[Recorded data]
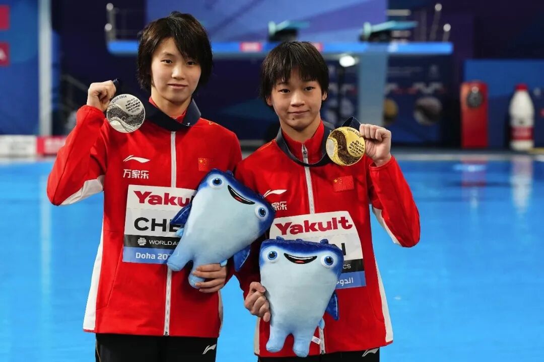 The 16-year-old Chinese star edged teammate Chen Yuxi, totaling 436.25 points over five dives. Chen, the two-time reigning world champion, settled for a silver this time with 427.80.
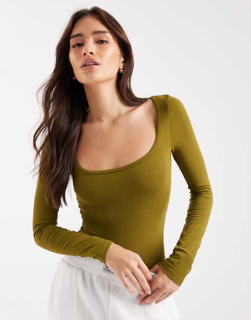 Miss Selfridge - Olivengrøn bodystocking med bred dyb rund hals
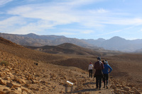 Jordan. Wadi Araba, Bir Madhkur, group of visitors walking on ad-Dlayi path, part of the ancient incense route which leads from Khirbat Bir Madhkur to Petra, with an interpretive sign installed with support from USAID SCHEP
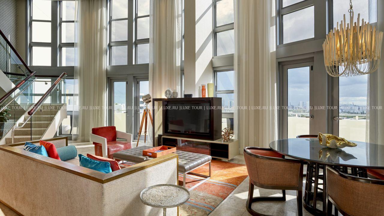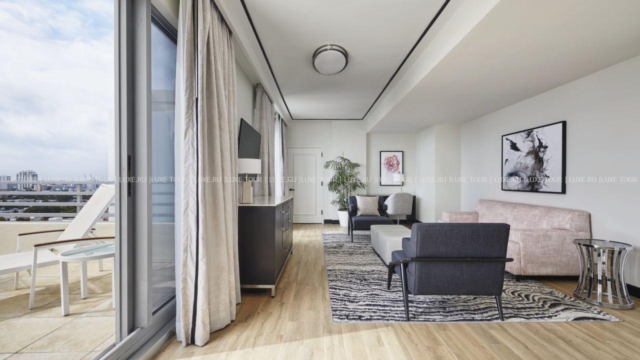 Loews Miami Beach Hotel находится у великолепного пляжа в самом центре Саут-Бич, и, помимо прекрасного расположения, предлагает своим гостям разнообразие услуг. Комфортабельные номера с изысканным декором и великолепным видом на Атлантический океан и Майами, рестораны и бары с превосходной кухней, Spa и фитнес-центры, лазурный бассейн среди тенистых пальм, детский клуб с увлекательными занятиями для маленьких гостей, а также отличные возможности для активного отдыха и проведения мероприятий любого уровня. Loews Miami Beach Hotel сочетает первоклассный современный сервис и элегантную атмосферу квартала Ар-Деко.
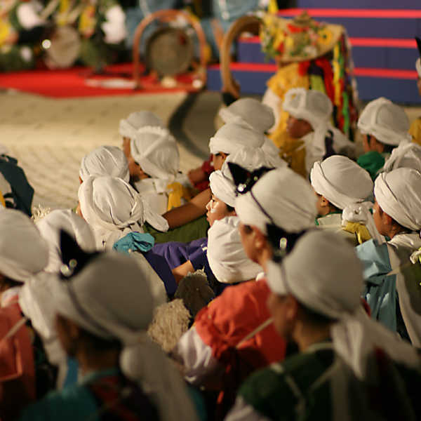 We have a Bon festival dance anywhere in Japan, but sadly most of the music don't interest the youth in modern times. Daidengaku music is different. It's fun, quick and rhythmical. There is something to enhance people's feeling in the rhythm, and something to let them set free. When I first saw the dance, it reminded me Bollywood movies. Indian people have passion for dance as you know. The choreography with basic steps doesn't look so difficult, like hop and hop. However some acrobatic movements and juggling are also taken in. Let's leave the parts to the Yamashiro dancers and enjoy watching them!
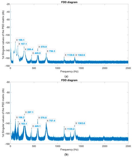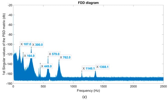where is a unitary matrix containing complex vectors of singular values. The superscript H represents the calculation of the conjugate transpose of the matrix. is a diagonal matrix containing m scalar singular values, and each singular value corresponds to the power spectrum of a single-degree-of-freedom system; m is the number of output response measuring points. The scalar diagonal matrix sequence peaks correspond to the modal frequencies of the structure [,].
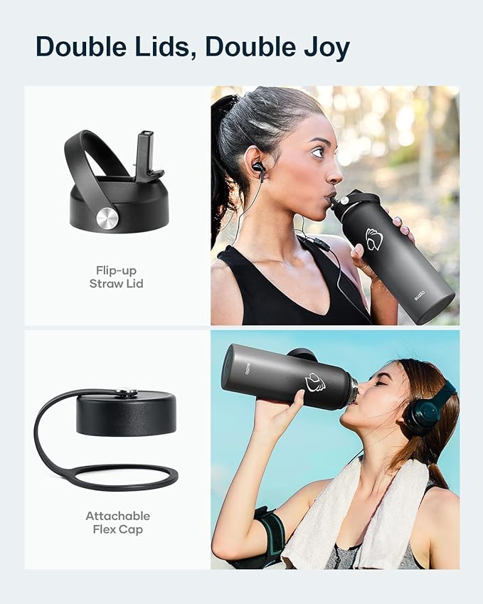 - What You Get: Included with a BUZIO insulated water bottle, a straw lid (2 straws), a flex cap, and a cleaning brush, our worry-free lifetime warranty and friendly customer service. If for any reason, you are not 100% satisfied with product, we will offer a full refund or an exchange!
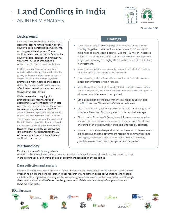 Land and resource conflicts in India have deep implications for the well-being of the country’s people, institutions, investments, and long-term development. These conflicts reveal deep structural flaws in the country’s social, agrarian, and institutional structures, including ambiguities in property rights regimes and institutions. In 2014, a study focusing primarily on reports in the national media reflected the gravity of these conflicts. There was great interest in this narrow exercise, which prompted a more rigorous and detailed data collection on conflicts and creation of an interactive web portal on land and resource conflicts in India.
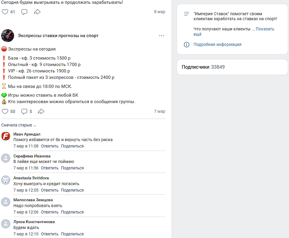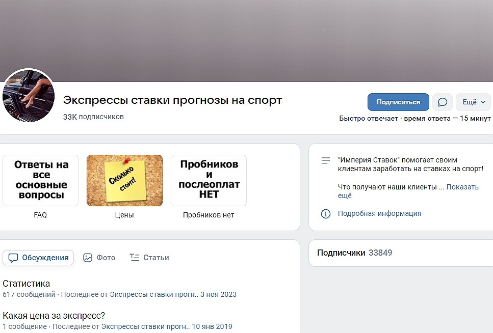Странно и другое — с чего вдруг непонятным людям во главе Экспрессы Ставки Прогнозы на Спорт в ВК спонсировать окружающих, если можно легко зарабатывать самим? Ответ на вопрос прост — админы @prognozy_info кинут вас на деньги и исчезнут, чем промышлял и владелец Imperiastavok Pro и Betimperium Com.
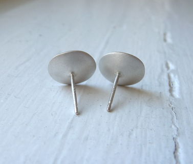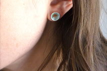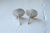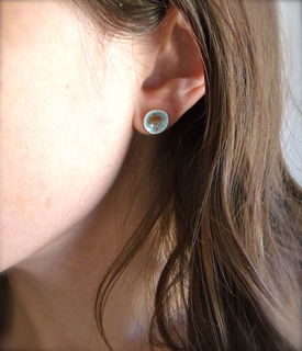 After I make a more organic shape the earrings are filled with crushed glass. Once the surface is well coated I torch fire the disc to fuse the crushed glass to the silver creating an even surface. I repeat the process until the surface of the silver is well covered in a rich hue. Once I solder posts to the back, add a satin finish and make the edges shine.

• [Task description] Exact copy, pictures excluded: every line above from the one containing "Loews Miami Beach Hotel находится" to the one containing "We have a Bon", inclusive, and nothing more.

• [Answer for this exercise]
 Loews Miami Beach Hotel находится у великолепного пляжа в самом центре Саут-Бич, и, помимо прекрасного расположения, предлагает своим гостям разнообразие услуг. Комфортабельные номера с изысканным декором и великолепным видом на Атлантический океан и Майами, рестораны и бары с превосходной кухней, Spa и фитнес-центры, лазурный бассейн среди тенистых пальм, детский клуб с увлекательными занятиями для маленьких гостей, а также отличные возможности для активного отдыха и проведения мероприятий любого уровня. Loews Miami Beach Hotel сочетает первоклассный современный сервис и элегантную атмосферу квартала Ар-Деко.
 We have a Bon festival dance anywhere in Japan, but sadly most of the music don't interest the youth in modern times. Daidengaku music is different. It's fun, quick and rhythmical. There is something to enhance people's feeling in the rhythm, and something to let them set free. When I first saw the dance, it reminded me Bollywood movies. Indian people have passion for dance as you know. The choreography with basic steps doesn't look so difficult, like hop and hop. However some acrobatic movements and juggling are also taken in. Let's leave the parts to the Yamashiro dancers and enjoy watching them!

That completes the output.